少しだけ薄れて来た自我を何とか掴み取りながら思い出すのはこの姿になった理由について。忠誠を誓ったレリル様の側近であるアイリーン様より受け取った物についてだった。
「魔侵丸?」
「そうよ。気に食わないけれどリリィ・メフィストフェレスが造ったアイテムなの。魔族の力を大幅に増幅させる力が有るわ」
「リリィ・メフィストフェレスの……」
その名は僕でも知っている。同族でさえも道具として、捨て駒として扱う非道な最上級魔族。

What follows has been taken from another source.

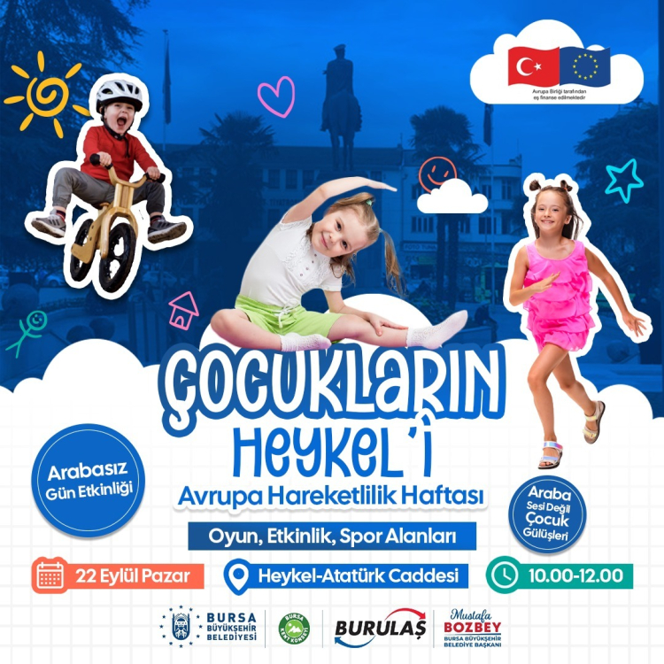 Bursa’da, Avrupa Hareketlilik Haftası etkinlikleri kapsamında sağlıklı yaşama vurgu yapmak amacıyla 22 Eylül Pazar günü Heykel Atatürk Caddesi trafiğe kapatılarak çocuklara bırakılacak. Bursa Büyükşehir Belediyesi tarafından hazırlanan birbirinden renkli etkinliklerle, çocuklar araba seslerinden uzak eğlenceli bir gün geçirecek.

正直言ってレリル様には奴を倒して欲しいとさえ思う程に部下への扱いが酷い。それでも圧倒的な力に本能から従う奴が多いけれど、僕から言わせて貰えば主従揃って破滅願望の持ち主だよ。
「安心しなさい。本当は自我を奪われるけれどレリル様が部下にそんな物をそのまま使わせると思う? 思うのなら言いなさい、私が貴方を今すぐ殺すから」
「……無いよ」
渡された丸薬が入った袋を懐に仕舞い込む。このアイリーン様も問題が有るけれど、僕はレリル様に忠誠を捧げた身だ。童貞だって捧げている。その為に僕は裏切り者の認定を受けて魔族としての痕跡を全て消去したんだ。
「貴方の忠誠心にはあの御方も期待しているわ。さあ、頑張りなさい。我等が同胞……スカー・サイクロプス!」
期待に応えたい。同族の役に立ちたい。それに守りたい物が有る。守りたい相手が居る。それが僕の手から零れ落ちたとしても、離れてしまったとしても、それでも僕は構わない。カマ、ワナ……イ……。
「ウガァアアアアアアアアアアアア!!」
咆哮と共に僕は家を持ち上げる。土台を簡単に破壊して頭上高く持ち上げた。視線の先には勇者が這い出ている瓦礫の山。そこ目掛けて全力で投げ付けた。避ける暇も無く激突し、響く振動と破砕音。何処から漏れたのか火の手が上がる。自分の手で壊れていく町を目にした時、僕の中でも何かが壊れる音がしたんだ。